Exercise input START

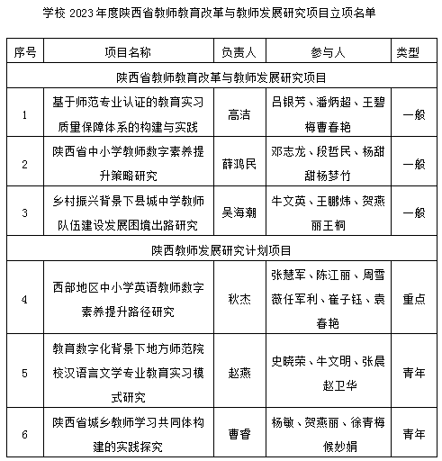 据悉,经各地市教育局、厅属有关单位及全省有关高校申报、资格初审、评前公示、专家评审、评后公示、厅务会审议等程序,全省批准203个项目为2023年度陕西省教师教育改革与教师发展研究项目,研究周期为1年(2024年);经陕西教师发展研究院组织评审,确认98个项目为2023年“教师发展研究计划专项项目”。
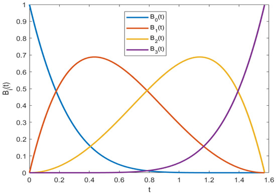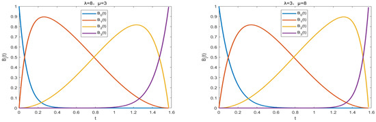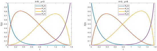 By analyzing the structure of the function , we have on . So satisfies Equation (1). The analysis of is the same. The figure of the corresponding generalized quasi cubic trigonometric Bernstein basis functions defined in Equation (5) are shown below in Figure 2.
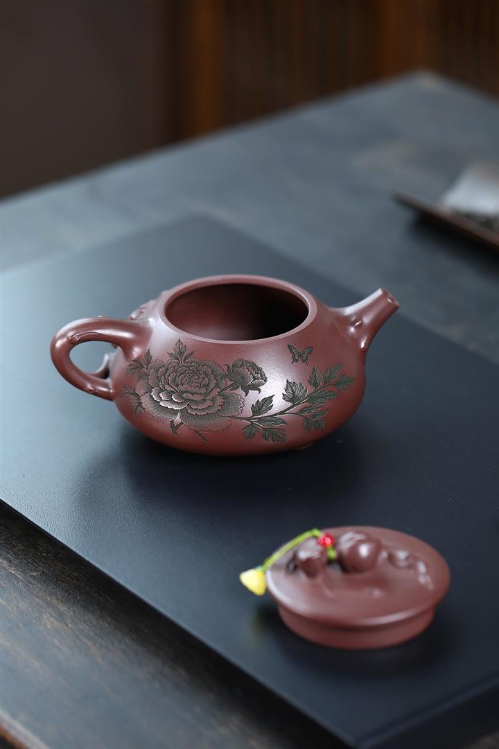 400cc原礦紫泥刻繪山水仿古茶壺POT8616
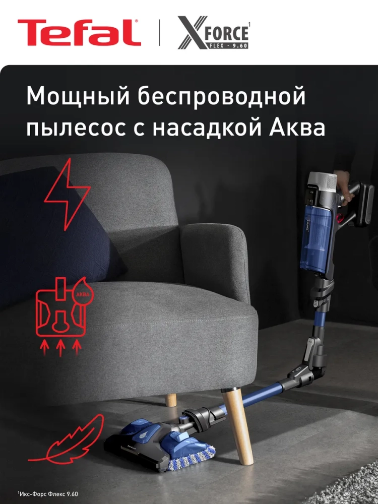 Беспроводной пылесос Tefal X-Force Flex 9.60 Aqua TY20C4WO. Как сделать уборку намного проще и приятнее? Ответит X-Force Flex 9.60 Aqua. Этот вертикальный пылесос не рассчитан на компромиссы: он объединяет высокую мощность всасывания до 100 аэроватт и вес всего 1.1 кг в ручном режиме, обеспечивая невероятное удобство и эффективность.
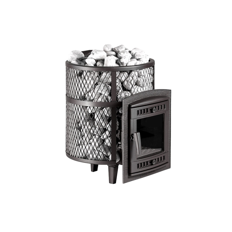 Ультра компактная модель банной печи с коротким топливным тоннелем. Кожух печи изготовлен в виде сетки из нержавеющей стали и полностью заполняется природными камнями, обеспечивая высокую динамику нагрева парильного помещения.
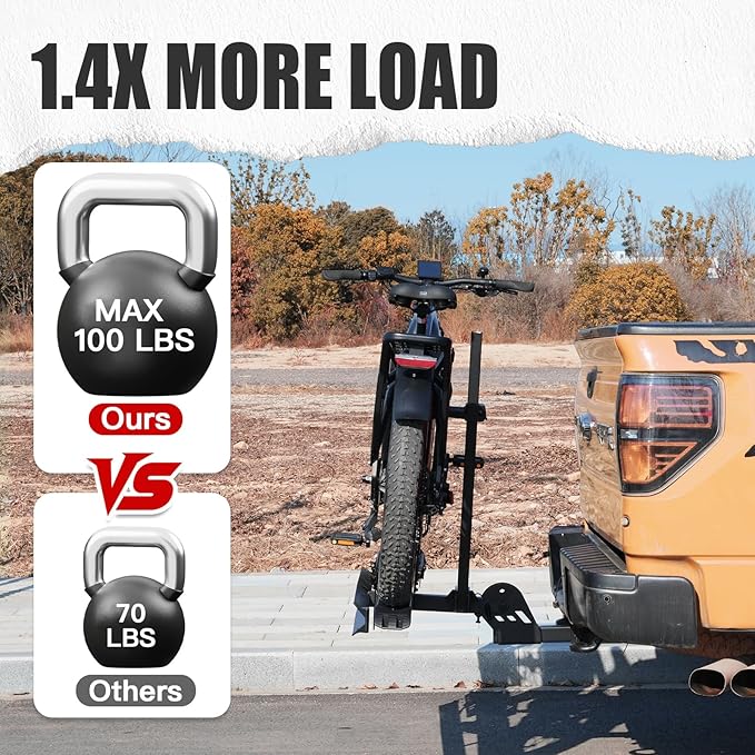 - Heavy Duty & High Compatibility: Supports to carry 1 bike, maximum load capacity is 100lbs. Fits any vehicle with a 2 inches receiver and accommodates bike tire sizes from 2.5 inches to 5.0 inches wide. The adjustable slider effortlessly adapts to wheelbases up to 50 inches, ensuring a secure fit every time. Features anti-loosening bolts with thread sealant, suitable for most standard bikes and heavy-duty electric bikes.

Exercise input END

Return all the data exactly, pictures omitted.

*Solution to the problem*:
 据悉,经各地市教育局、厅属有关单位及全省有关高校申报、资格初审、评前公示、专家评审、评后公示、厅务会审议等程序,全省批准203个项目为2023年度陕西省教师教育改革与教师发展研究项目,研究周期为1年(2024年);经陕西教师发展研究院组织评审,确认98个项目为2023年“教师发展研究计划专项项目”。
 By analyzing the structure of the function , we have on . So satisfies Equation (1). The analysis of is the same. The figure of the corresponding generalized quasi cubic trigonometric Bernstein basis functions defined in Equation (5) are shown below in Figure 2.
 400cc原礦紫泥刻繪山水仿古茶壺POT8616
 Беспроводной пылесос Tefal X-Force Flex 9.60 Aqua TY20C4WO. Как сделать уборку намного проще и приятнее? Ответит X-Force Flex 9.60 Aqua. Этот вертикальный пылесос не рассчитан на компромиссы: он объединяет высокую мощность всасывания до 100 аэроватт и вес всего 1.1 кг в ручном режиме, обеспечивая невероятное удобство и эффективность.
 Ультра компактная модель банной печи с коротким топливным тоннелем. Кожух печи изготовлен в виде сетки из нержавеющей стали и полностью заполняется природными камнями, обеспечивая высокую динамику нагрева парильного помещения.
 - Heavy Duty & High Compatibility: Supports to carry 1 bike, maximum load capacity is 100lbs. Fits any vehicle with a 2 inches receiver and accommodates bike tire sizes from 2.5 inches to 5.0 inches wide. The adjustable slider effortlessly adapts to wheelbases up to 50 inches, ensuring a secure fit every time. Features anti-loosening bolts with thread sealant, suitable for most standard bikes and heavy-duty electric bikes.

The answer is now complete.